To exercise any of these rights, submit your request in writing to legal@euniceirewole.com. The Provider will respond within 30 calendar days. The Provider may request proof of identity before processing your request.

Section 07 — Data Security

How We Protect Your Data

The Provider implements appropriate technical and organisational measures to protect your personal data against unauthorised access, alteration, disclosure, or destruction. These measures include:

• Encryption of data in transit using TLS/SSL protocols across all Provider websites and platforms
• Access controls limiting personal data access to authorised personnel only
• Regular review of data handling practices and third-party service provider security standards
• Secure deletion protocols for data that has reached the end of its retention period
• Payment card data is processed exclusively by PCI-DSS compliant payment processors — the Provider does not store card numbers or CVV codes

No method of data transmission or storage is 100% secure. In the unlikely event of a data breach that poses a risk to your rights and freedoms, the Provider will notify affected individuals and relevant authorities in accordance with applicable law — within 72 hours where required.

Section 08 — Cookies and Tracking

How We Use Cookies and Tracking Technologies

The Provider's website uses cookies and similar tracking technologies to provide and improve the platform. The following types of cookies are used:

• — Essential cookies: Required for the website to function. Cannot be disabled. These include session cookies that keep you logged in and security cookies that protect against fraud.
• — Analytics cookies: Used to understand how visitors use the website — which pages are visited, how long visitors stay, and where they navigate from. This data is collected in aggregated, anonymised form. The Provider uses Google Analytics or equivalent. You may opt out of analytics tracking via your browser settings.
• — Marketing cookies: Used to measure the effectiveness of the Provider's marketing activities. These cookies are only set where the Client has given explicit consent through the cookie consent mechanism.
• — Preference cookies: Used to remember your settings and preferences to improve your experience on return visits.

You may manage your cookie preferences through your browser settings or through any cookie consent tool displayed on the Provider's website. Disabling certain cookies may affect the functionality of the website.

Section 09 — International Data Transfers

How We Handle Cross-Border Data

The Provider is based in Canada and operates platforms serving clients internationally, particularly in the United States, United Kingdom, and across Africa, Europe, and the Asia-Pacific region.

When personal data is transferred across international borders, the Provider ensures appropriate safeguards are in place in accordance with applicable data protection law — including standard contractual clauses where required for transfers from the European Economic Area or United Kingdom.

Third-party service providers used by the Provider may be located in Canada, the United States, or the European Union. The Provider selects only service providers that meet adequate data protection standards for international transfer purposes.

Section 10 — Children's Data

Age Restrictions

The Provider's products and services are designed exclusively for business professionals and institutional builders aged 18 and over.

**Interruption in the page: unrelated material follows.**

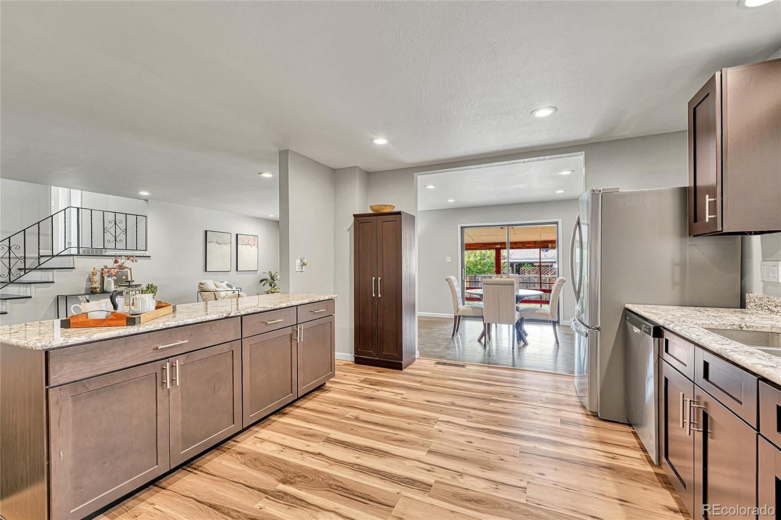 Step inside this spacious three-level home with an open-concept design and a large basement. Space will never be an issue here - with 2 living rooms, 5 bedrooms, 1 (ea) full bathroom and 2 (ea) ¾ bathrooms! The newly remodeled kitchen features brand-new cabinets, appliances, and flooring. The open flow between the kitchen, dining, and living areas makes this home perfect for entertaining or enjoying everyday life. The interior of the home is newly painted. Access to back yard and patio from dining room. Complete with a covered patio and fully fenced, this outdoor space is ideal for summer gatherings or simply relaxing. Upstairs, the primary suite boasts an updated bathroom. Two additional bedrooms, along with another full bathroom provide plenty of options for family, guests, a home office, or even a workout room. On the lower level, you’ll find another spacious family room with a cozy fireplace, as well as another bedroom and bathroom. The basement includes another finished bedroom, along with a laundry area that offers endless possibilities, from storage to future expansion. The attached two-car garage and extended driveway provide ample parking. Sitting on a desirable corner lot, the home also features a newly xeriscape front yard for water conservation and easy maintenance, adding to its excellent curb appeal. Schedule your showing today!
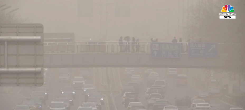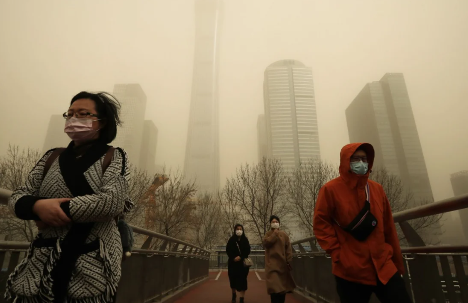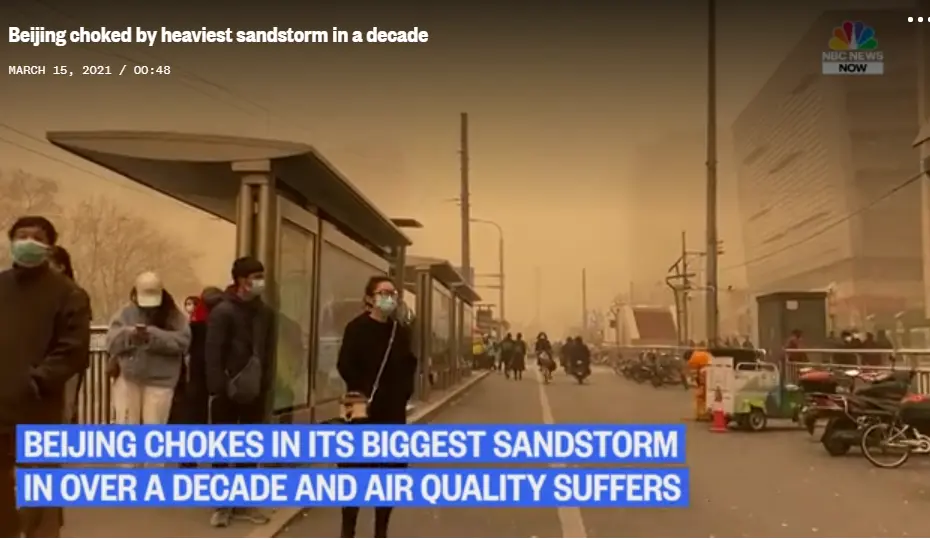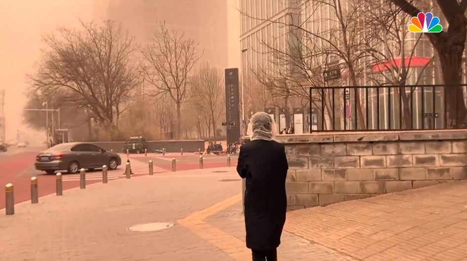 O Centro Meteorológico Nacional da China emitiu um alerta “amarelo” de tempestade de areia na manhã de segunda-feira, o segundo menor alerta no sistema de alerta de quatro camadas da China, lembrando o público nas regiões afetadas de fechar portas e janelas e usar máscaras e lenços para se proteger. Ele também alertou que a tempestade de areia provavelmente duraria até quinta-feira.

The Provider does not knowingly collect personal data from individuals under the age of 18. If the Provider becomes aware that personal data from a minor has been collected, it will be deleted immediately.

If you believe that a minor has provided personal data to the Provider, please contact legal@euniceirewole.com immediately.

Section 11 — Policy Updates

How This Policy May Change

The Provider reserves the right to update this Data & Privacy Policy at any time to reflect changes in applicable law, data practices, or business operations. The most current version will always be available at euniceirewole.com/legal.

Material changes to this policy will be communicated to Clients via email at least 14 days before the changes take effect. Continued use of the Provider's products and services after the effective date of any change constitutes acceptance of the updated policy.